Во Франции доля избирателей, относимых к промышленным рабочим, упала с 51 % в 1951 г. до 41 % в 1965 г., а затем до 30 % в 1968 г. До недавних пор Франция демонстрировала значительные различия по географическому распределению электората. Имеются данные экономического, религиозного и политического характера за период 1950–1970 гг. по 3 тыс. административных единиц, называемых кантонами, которые стали предметом территориального изучения. Агрегатный анализ и результаты опросов показывают, что в 1950-е гг. существовала значительная корреляция между принадлежностью к социально-экономическим слоям и голосованием, однако ее уровень менее высок, чем уровень корреляции между соблюдением религиозных обрядов и голосованием.
Индекс классового голосования значительно упал за десятилетний период правления голлистов. На деле более трети голосов электорального большинства, полученного голлистами на выборах 1962, 1965 и 1968 гг., принадлежала избирателям из рабочего класса, хотя в это время промышленные рабочие составляли от 38 до 41 % трудового населения. На президентских выборах 1974 г. и парламентских выборах 1978 г. индекс классового голосования, измеряемый по схеме «правые» – «левые», изменился весьма незначительно вследствие притока к социалистам голосов нижнего среднего класса, т. е. лиц, работающих по найму, и падения числа голосов рабочих за коммунистов (хотя абсолютное число избирателей из рабочих сократилось). На выборах 1978 г. разница между долей голосов рабочего класса (65 %) и долей голосов учителей начальных школ, техников и конторских служащих, поданных за левых, сократилась. Левые тогда получили среди последних трех категорий избирателей соответственно 65, 57 и 54 % голосов.
Избрание социалиста на пост президента в 1981 г. и его переизбрание в 1988 г. в сочетании с результатами парламентских выборов того периода способствовали завершению превращения социалистов в партию среднего класса и продемонстрировали постепенное падение влияния коммунистов в рабочем классе. Индекс классового голосования получил еще один удар: в 1988 г. разрыв между долей голосов рабочих и долей голосов служащих, поданных за левых, практически исчез: показатели соответственно составили 68 и 64 % (SOFRES, 1988).

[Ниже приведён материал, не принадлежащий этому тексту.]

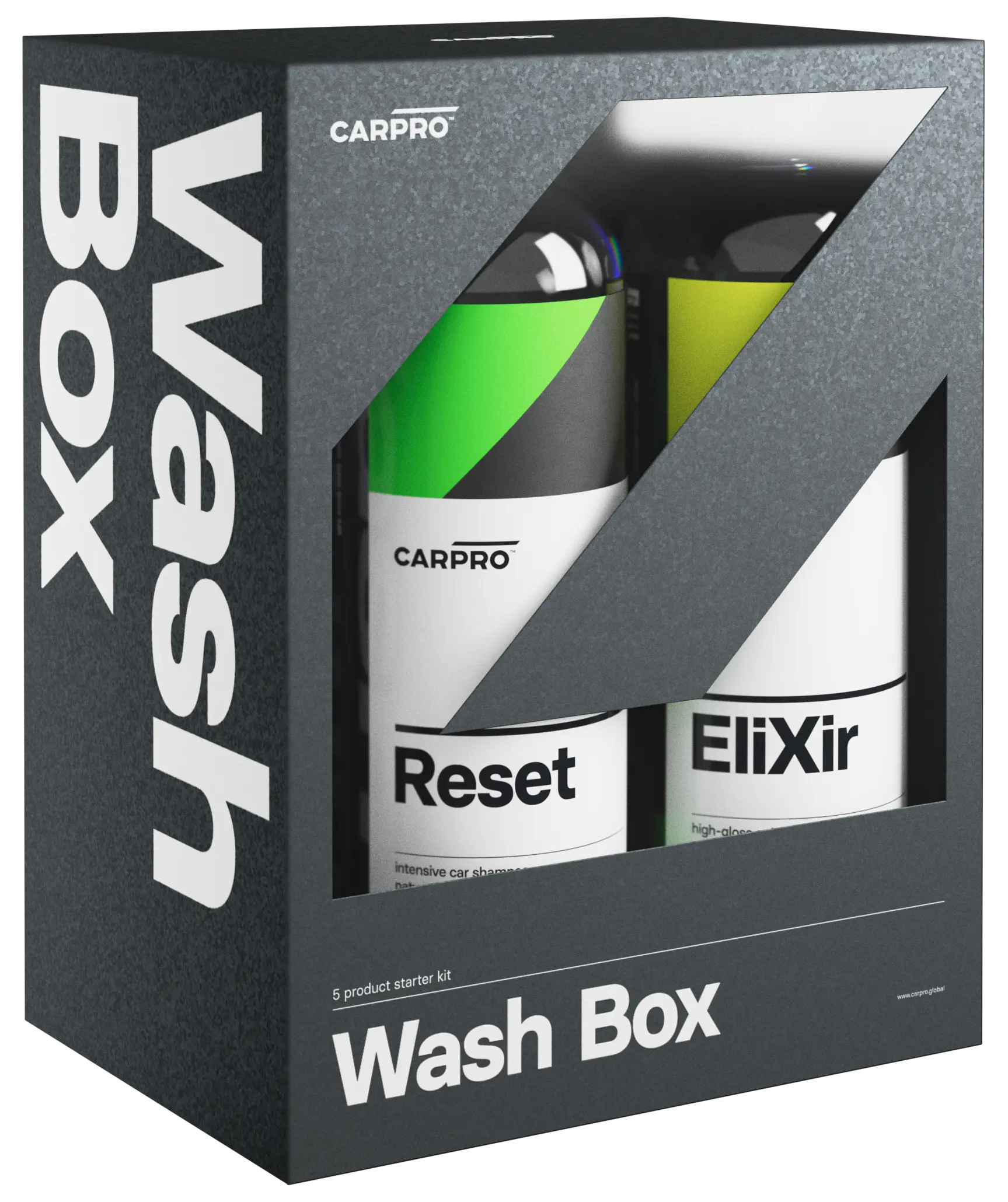 See vinge hoolduskomplekt oli SEMA 2019 messil KUUM teema. Hankige oma lähedastele, klientidele või isegi endale täiuslik pesukasti komplekt! CARPRO Wash Box sisaldab viit meie lemmiktoodet ühes! Alustage auhinnatud CARPRO Resetiga, kasutades sõiduki pesemiseks kaasasolevat kinda. Seejärel kuivatage see hõlpsasti, kasutades uskumatut CARPRO DHydrate rätikut! Lõpuks lisage läiget ja kaitset üliläikiva CARPRO Elixiriga ja kaasasoleva CARPRO 2 Face rätikuga!
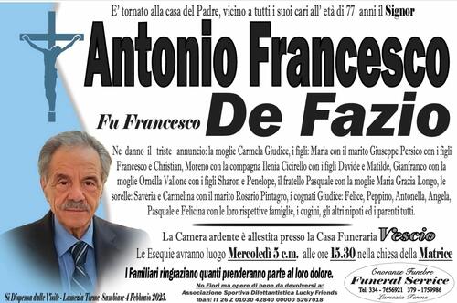 La Camera ardente è allestita presso la Casa Funeraria Vescio

Редкое явление в электоральной истории Франции произошло на президентских выборах 1995 г., когда значительное число промышленных рабочих проголосовало за крайне правых (то же самое в свое время произошло в Веймарской республике); опрос на выходе из избирательного участка показал, что 31 % промышленных рабочих проголосовали именно таким образом. По данным этого опроса общее число голосов, поданных за кандидата коммунистов и крайне правого кандидата, составило не более 22 %, за кандидата социалистов – 21 %, а за правоцентристских кандидатов – 25 %. Другими словами, более половины избирателей из рабочего класса отдали голоса за крайне правого и крайне левого депутатов, демонстрируя неудовлетворенность годами правления социалистов. Наиболее значительная доля голосов рабочего класса, поданных за крайне правых, отмечалась в городах и округах со значительным числом иммигрантов-неевропейцев. Такова была реакция избирателей на социальные условия. В определенных социальных условиях обнаруживалось сходство между крайне правыми и крайне левыми. Уже в 1993 г. разница в доле голосов рабочих и служащих, поданных за социалистических и коммунистических кандидатов, была весьма незначительной. В 1995 г. индекс классового голосования составил отрицательную величину, и это была не просто неудача, а провал.